The updated AIDA Country Report on Bulgaria provides a detailed overview on legislative and practice-related developments in asylum procedures, reception conditions, detention of asylum seekers and content of international protection in 2021.

2021 was marked by a significant increase of applications for international protection (10,999 applicants, i.e. +212 per cent compared to 2020), arrivals (10,799, i.e. +210 per cent) and pending cases (7,556, i.e. +243 per cent). The increase of applications and arrivals seem to be linked to the regime change in Afghanistan in summer of 2021, the dire security situation in Northern Iraq as well as the political and economic instability in the neighboring Turkey. Bulgaria lacks safe and legal routes for people seeking protection, national border arrangements aims to prevent irregular entries, and pushback practices continue to be widespread. In 2021, the national border monitoring mechanism registered 2,513 alleged pushback incidents, affecting a total of 44,988 individuals.

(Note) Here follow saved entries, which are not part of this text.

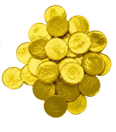 Foil-wrapped chocolate coins made from rich milk chocolate. Each coin offers creamy sweetness and a playful treasure-hunt charm.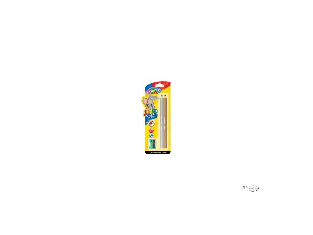 Kulaté silné pastelky - zlatá, stříbrná + ořezávátko na blistru.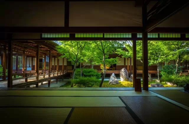 回字型的主入口藏在一條與古寺一墻之隔的悠長石徑盡頭、由巨幅落地窗包裹的大堂和客房都朝向落英繽紛的水景庭院。

Discriminatory practices have further been reported in the decision-making process. Nationalities originating from certain countries such as Algeria, Morocco Tunisia and Bangladesh are systematically rejected as manifestly unfounded under the accelerated procedure. Turkish and Afghan nationals also faced very low recognition rates – 8 and 10 per cent respectively. While the examination of Afghan cases is likely to change in 2022, most of the subsequent applications lodged by Afghan nationals after August 2021 were considered as inadmissible by the national asylum agency as of the end of 2021. At second instance, the effectiveness of the judicial system remains heavily criticised due to the lack of expertise and experience of the responsible Section of the Supreme Administrative Court. 82 per cent of all appeals lodged at second instance were rejected in 2021.

The conditions in the vast majority of the reception centers remain overwhelmingly substandard due to inadequate infrastructures, limited hygiene and basic services as well as a serious lack of safety. The existing capacity of safe-zones for children (288 places in total) is highly inadequate not least in light of an increase of unaccompanied children from 799 in 2020 to 3,172 in 2021 (i.e. +296 per cent). As a result, many unaccompanied children were accommodated in mixed facilities with adults and without proper support and guarantees of personal safety. The authorities further continued to apply a mandatory ten days quarantine for COVID-19 reasons to all newly detained third country nationals.

As regards integration, there are no activities planned, funded nor made available to beneficiaries of international protection. 2021 thus marks the eighth consecutive year of the national “zero integration” policy. The national asylum authority further continues to cease or revoke international protection on the basis of a new provision introduced in 2020 which contradicts the Refugee Convention and the recast Qualification Directive. The undue cessation ground has affected 4,364 status holders in total since 2018, out of which 100 persons in 2021.